Twenty-seven minutes later (travel would have taken about ten minutes; they left the house a little after one, so I figure he had been at group for about 20 minutes or so) I get a phone call from a Private Number. I knew who it was.

"Hey, it's T from group." *sigh* What's up? "Well, Daniel's thrown up all over the bathroom. He has no fever and he was feeling fine and participating and..." I cut him off. "Yup. He did that on purpose. He made himself yak. "Well, I was with him, and I didn't see..." No. You wouldn't have. He's good. He can sit there and will himself to vomit when he's super uncomfortable.  "Well, since he did get sick, he can't stay." I know. I'll be there.

I drove to pick him up in a quiet fury. When we arrive I'm met outside by D and T (counselor).  D starts talking about how the reason he threw up was because he was thinking of Bacon, the fetal pig they dissected today at STEM camp (he's doing Vet Med this week). T apologizes and I dismiss it; I understand why he can't stay, and don't blame them one bit. Barf is a no-go. A Go Directly to Jail card, if you will.

We've been home about twenty minutes and I haven't said one word to him. Because I know when I do open my mouth, it will be ugly. Because I'm pissed. And hurt. And sad. And disappointed. And so fucking furious I want to punch things!!!!!

I get it, his brain is wired differently. He has struggles and he is working to overcome them. I get that. I've been with him every fucking step. But what pisses me off is that this is something he needs to be able to do. He needs to know that when he's in a foreign/uncomfortable situation, he can't just make himself barf to get out of it. That's why we go over coping skills. That why we work on being able to identify Anxiety and deal with it before it gets completely out of control. Yet he refuses to use them. When he's at home and getting angry I'll mention several coping techniques he could try and I'm me with, "It doesn't work," to every one I list. He gives up before even trying and I know that's his perfectionist nature--I've tried three different skills, and they don't work. So nothing will work. If I don't try them then they can't not work.

And yes, I know he's young. His brain isn't completely formed and operational, and the parts that are operational are a leetle-bit wonky. I know that he's not happy with himself. I know that he hates the way he acts and is very remorseful after every meltdown. I also know that we are giving him every opportunity to learn and practice skills to help him live a better life. He's always going to struggle--evveryone does--by being on The Spectrum. He probably won't have an easy life. But we're trying to help him learn things that will allow him to live an EASIER life.

"But it's hard." NO SHIT!!!! I've been in and out of therapy for nearly twenty years (good Christ, I'm old) and it is work, and it's hard work, and it's shitty, uncomfortable, scary, annoying, frustrating work.

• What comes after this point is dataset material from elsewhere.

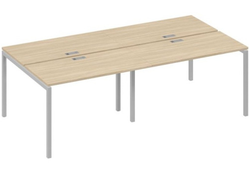 Современная стильная мебель отечественного производства на металлокаркасе с порошковым покрытием - П-образная опора с сечением 40х40х2 мм с траверсами. Столешница с проставками, с пластиковым кабель-каналом прямоугольной формы. Возможность установки настольных и подстольных экранов, а также применения системы кабель-менеджмента.

But it works. It helps. It gives self-confidence in areas that it's needed to work on things that aren't the way you would like. And I just can't understand people who don't want the skills to help them have a better life. I mean, I'm lazy. Straight out, lazy. But when given topics by my therapist to work out, to experience an EMDR session that is so physically exhausting it's the equivilant of doing eight hours of manual labor, I'll do it.

Sorry. I'm not bragging or anything. I'm just so frustrated at my son. At the fact that I can't do this all for him. That I can't get into his head and really understand what's going on in there. That sometimes I want to give up.

Asshole. Couldn't even make it in group for an hour. Fucker.